1\. Size of a static array: Use std::array please

2\. Maximum value of an enum: See reflection TS

3\. Converting enum to string: ditto

4\. Converting string to enum: ditto

5\. #pragma once: see modules. They _are_ in fact trying to make something
better. There are also some cases where you don't want/need it

6\. C99 designated initializers. They are there!

7\. Binary file includes. Ugh this is just such a dumb idea I can't even. When
do you want the file to load? When the executable does? What if you want to
read it in chunks? This idea is not well suited for a systems-oriented
language

8\. FourCC codes. Again, this is a silly idea not even worth addressing. Just
define it yourself. C++ is a programming language. Not your media toolkit

9\. do/while(0). What are you using macros for in 2016 (the time of writing)?

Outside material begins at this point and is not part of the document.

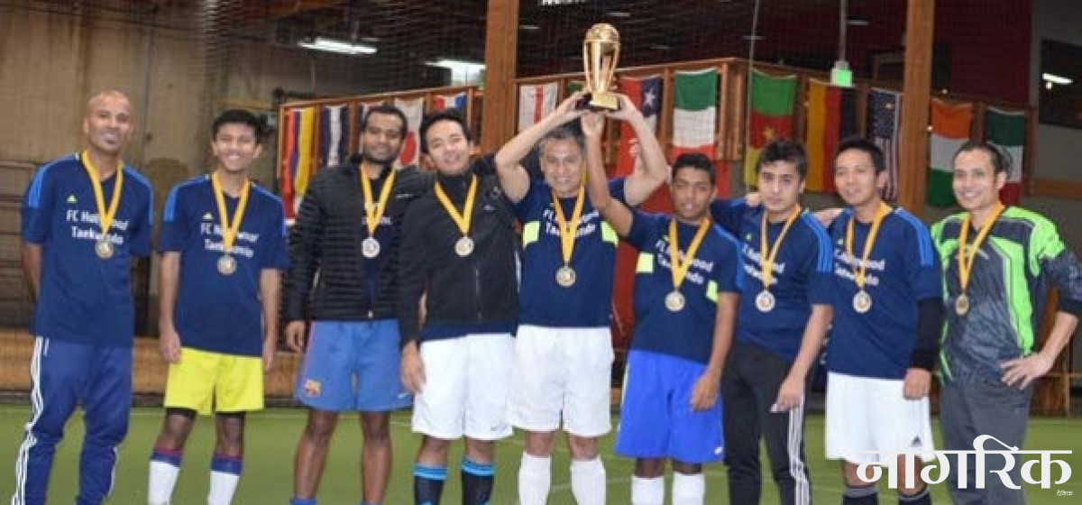 ओरेगन- पोर्टल्यान्डस्थित रोस सिटी क्बलमा सञ्चालन भइरहेको रोस सिटी फाइव अ साइड फुटसल लिगको उपाधि नेपाली खेलाडीहरूको टोली एफ सी हलिउड तेक्वान्दोले जितेको छ। रोस सिटी क्लबस्थित वार्सिलोना कोर्टमा भएको अन्तिम लिग खेलमा विजेता टिमले बुट्स अफ ग्लोरीमाथि पाँचका विरुद्ध १० गोलको फराकीलो जित दर्ता गराएको थियो।जसमा अमृत थापा र केविन महर्जनले तीन-तीन गोल गरेका थिए भने पासाङ्ग शेर्पाले दुई गोल गरेका थिए। त्यस्तै सूर्य थापा र विक्रम महर्जनले एक एक गोलको योगदान दिएका थिए। सूर्य थापा क्षेत्रीको नेतृत्वमा रहेको नेपाली टोलीले खेलेको कूल आठमध्ये सात वटा म्याचमा जित हासिल गरेको थियो भने एउटामा पराजित भएको थियो।

10\. preprocessor gripes. Stop using it! You have <type_traits> and stuff now

11\. Switch/case is stupid. No it's not. You want fall/through cases as well
and if you can't see why, don't criticize. This is true in pretty much EVERY
language that supports switch/case

12\. Still no strong typedefs. There are! Use the explicit keyword on a
constructor definition.

13\. Types as Primitives. See reflection TS

Basically, this feels like any other "C++ rant." Someone who didn't learn the
language properly or respects what the language needs to achieve.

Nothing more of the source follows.